Sales of those other small portable devices, having similar charging characteristics to phones, (i.e. tablets, e-readers, hearables, digital cameras, sport cameras, handheld videogame consoles) can be estimated at approximately 260 million devices in the EU27 annually
[54](#footnote55)
. Adoption of a standardised interface for these devices appears to be possible. However, certain devices which have to meet specific conditions (e.g. to be water proof or to fit a limited space in the product) would have to be excluded. As a result, the scope of this initiative and the issue of interoperability may concern approximately 390 million devices
[55](#footnote56)
 sold annually in the EU27 (Annex 5 provides further details on the typology of other devices and their charging needs). Nearly all the consumer associations consulted stressed that the presence of different types of connectors and chargers and fast charging incompatibilities is inconvenient for portable device users
[56](#footnote57)
.

·Safety issues and counterfeit chargers

Based on the consumer survey, it is assumed that 5-10% of all EPSs bought separately in the EU, and approximately 10-15% of cables, are counterfeit. As regards product safety issues, 1% of survey respondents who had bought a non-bundled EPS or cable in the last 24 months reported it had caused safety issues (e.g. electrical shock, fire…), while 3% reported it had damaged their mobile phone. 5% of those who had bought an EPS, and 7% of those who had bought a cable, reported that it broke / become unusable shortly after it was bought. Existence of such risks has been documented by an analysis of the number of risk alerts for mobile phone chargers in the RAPEX
[57](#footnote58)
 and ICSMS
[58](#footnote59)
 systems. Overall, the RAPEX and ICSMS data, supported by feedback from authorities, suggest that there are problems with chargers and that these are increasing, although data in 2017-2018 does not confirm a clear trend
[59](#footnote60)
. There appears to be a substantial market for counterfeit EPS and cables, which bring significant losses to intellectual property rights (IPR) holders, and could also constitute serious safety threats to users, and negatively impact the environment. According to data on the EU customs enforcement of IPR, the category ‘parts and technical accessories for mobile phones’ (including chargers) occupied the 8th place in the ranking of top categories of detained articles, with almost 1.1 million of articles in 2020
[60](#footnote61)
, which is comparable to the previous years, for a total value of approximately 45 M €.

·Bundling vs unbundling 

The number of chargers shipped/sold is higher than consumers need. Most of devices, including mobile phones, are sold bundled with a charger in the box. As of October 2020, two major manufacturers of mobile phones, accounting for roughly 50% of the market share
[61](#footnote62)
, announced the removal of the EPS (and other accessories) from the retail box of certain (not all) new models, explaining that the aim is “further reducing carbon emissions and avoiding the mining and use of precious materials, which enables smaller and lighter packaging, and allows for 70 percent more boxes to be shipped on a pallet”
[62](#footnote63)
 or “minimise the impact that products have on the environment” in order to support users in making “sustainable choices in their daily lives to promote better recycling habits”
[63](#footnote64)
. Other three manufacturers
[64](#footnote65)
 have followed thereafter, on new models. However, certain manufacturers are likely not to introduce unbundling voluntary, as per the interviews. Therefore, the number of chargers on the market will continue to exceed the number of chargers that consumers would buy in a well-functioning market, thus leaving untapped the full potential to reduce environmental impacts (see section 2.1.2 below).

A mapping exercise
[65](#footnote66)
 has shown that unbundling of the EPS from the device is already common in certain categories of products, such as low-power using hearables, e-readers, and portable speakers, whilst it is rare for devices such as digital cameras, portable videogame consoles and tablets requiring certain higher power levels. As regards the cable assembly, a suitable one is almost always provided in the box. In some cases, manufacturers fear to lose market shares if they unbundle. In turn certain consumers, being unaware of the interoperability, may keep preferring bundled solutions, originating a vicious cycle.
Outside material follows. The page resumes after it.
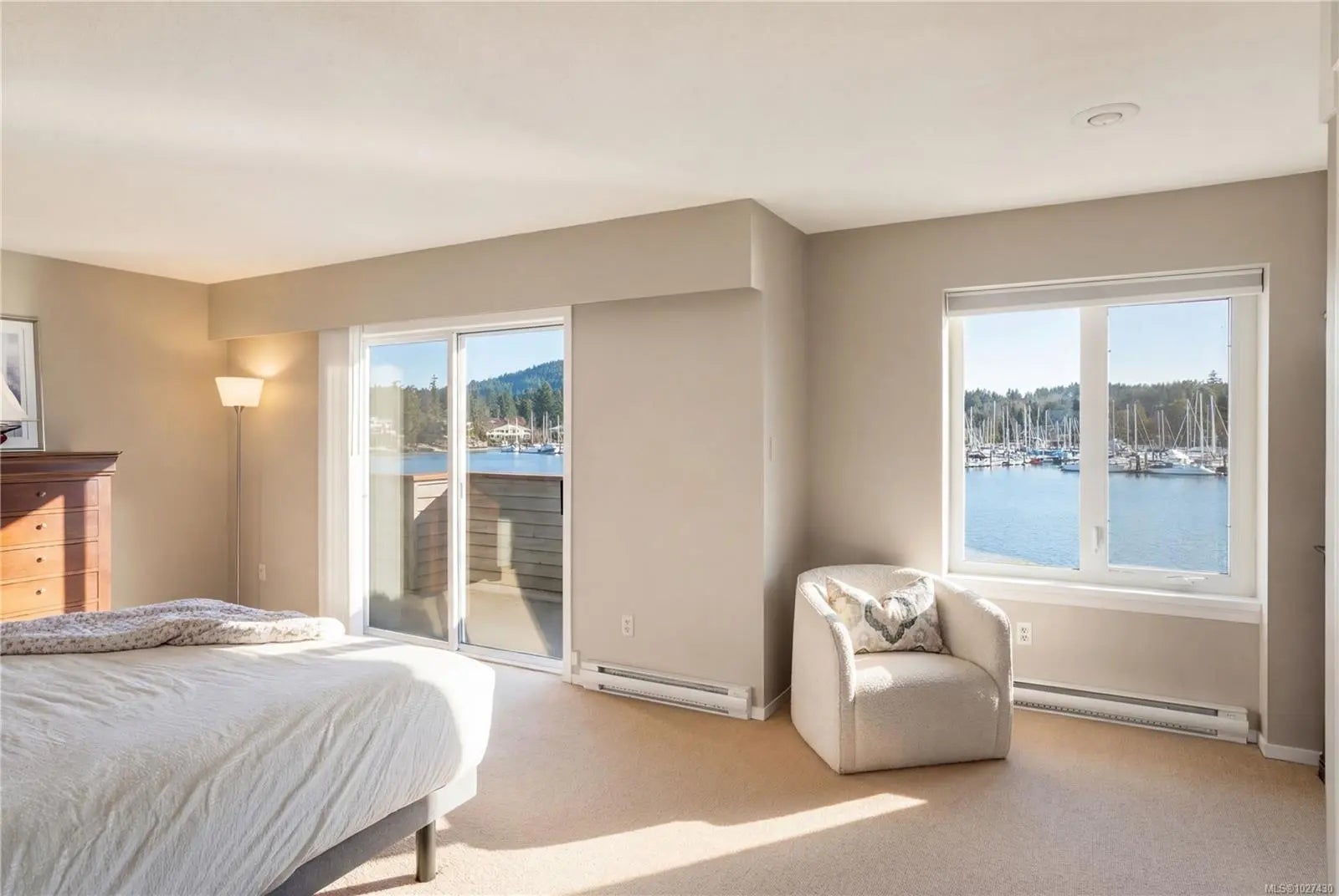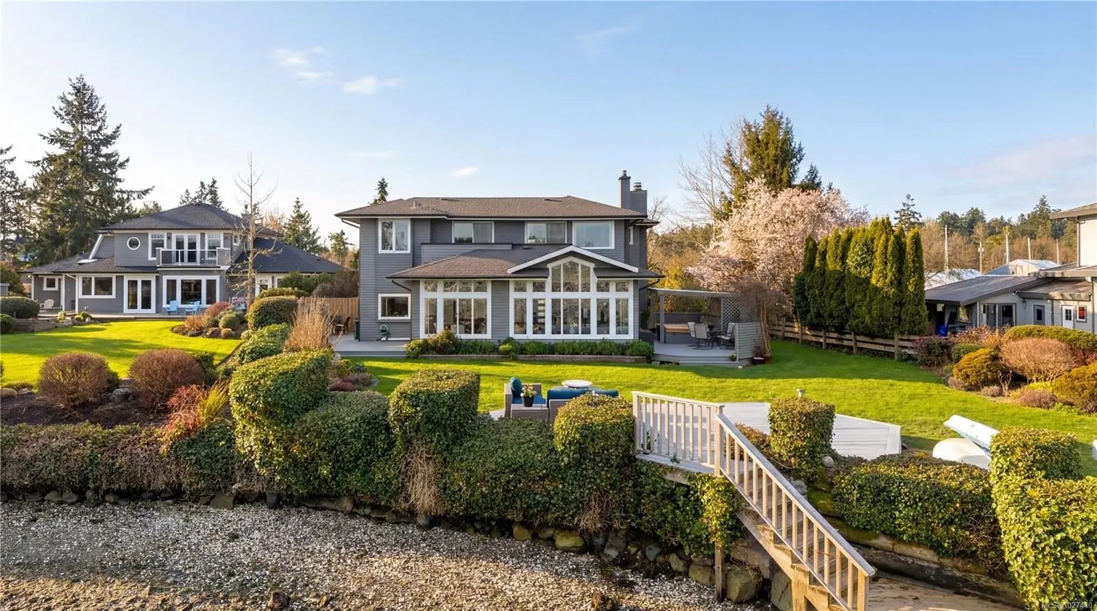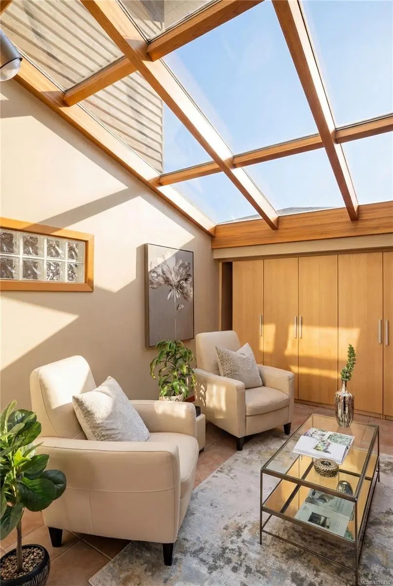 Open House Sun 2-4pm - Exceptional West Coast waterfront on sought-after Blue Heron Road with direct beach access and panoramic marina and ocean views. This 2,585 sq.ft. residence offers 3 bedrooms plus an office, including a spacious primary retreat with a private ensuite, unobstructed ocean vistas and sliding doors opening to a view-filled balcony. The living room features soaring 12’ vaulted ceilings and expansive windows that flood the home with natural light while perfectly framing the stunning coastal outlook. Over 900 sq.ft. of decks and patios create seamless indoor-outdoor living, ideal for enjoying the sun and ever-changing scenery. A double car garage and heat pump with A/C provide year-round comfort and convenience. Privately positioned to capture exceptional sun exposure and breathtaking waterfront views, this remarkable property is just minutes to the Town of Sidney, BC Ferries and YYJ.
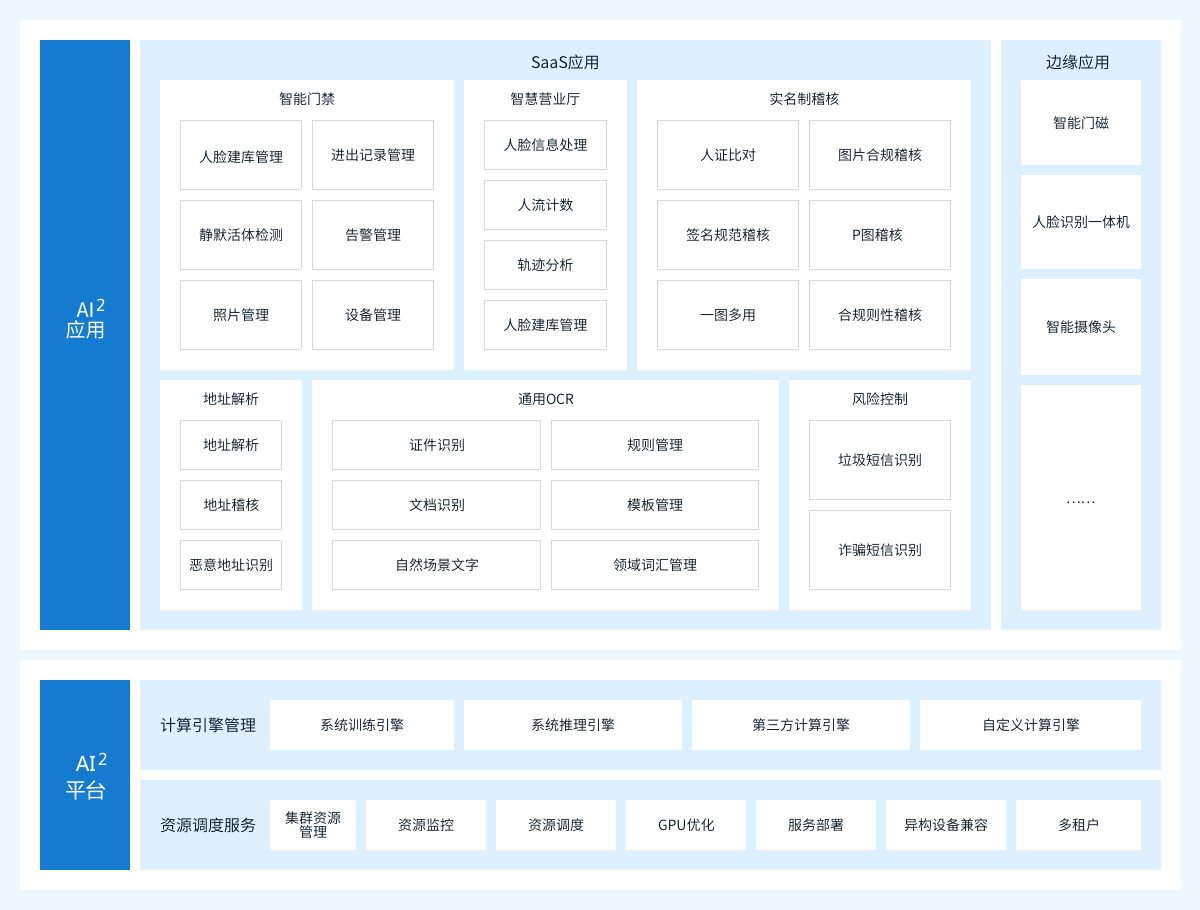 AISWare AI Cube(AI 魔方)智能应用是一套采用亚信科技人工智能平台的成熟算法和模型,结合实际应用场景具备端到端实现的智能应用产品,包括智能门禁、智慧营业厅、实名制稽核、通用OCR、地址解析、风险控制等SaaS应用,以及人脸识别一体机、智能摄像头、智能门磁等边缘应用。这些场景可应用于安防、稽核、风控、防疫等众多领域,帮助企业快速应用智能能力,实现降本增效。AI应用具备人脸识别、目标检测、图像分类、OCR等丰富的AI能力,可以快速与现有系统集成,为现有系统注智,并具备多租户隔离管理能力,多个系统之间使用互不影响。利用AI应用,帮助企业在业务流程中实现自动化,提升生产效率、降低人工成本。

In a consumer panel survey conducted for the related study
[66](#footnote67)
 and focusing on unbundling of chargers, 82% of consumers indicated that they consider finding an EPS in the box with a new mobile phone very important or important, whilst an even larger share of consumers, 89%, considered that it was very important or important that a cable was supplied in the package with a new phone. The consumer preferences are clearly not homogenous in respect to unbundling. They are however partially consequence of still existing issues of interoperability, the lack of correct information on suitable chargers among the laypersons, and the relatively novelty of standards supporting possibly universal chargers. When provided with information on environmental impacts, interoperability, charging performance and product safety risks had been provided, these proportions decreased by around 10% points resulting in around three quarters of respondents still maintained it was very important or important for them that EPS and cable are provided with the phone. Additionally, the stakeholder survey showed that the majority of stakeholders request that all mobile phones are interoperable with any EPS (75% see figure 2.10 in Annex 2).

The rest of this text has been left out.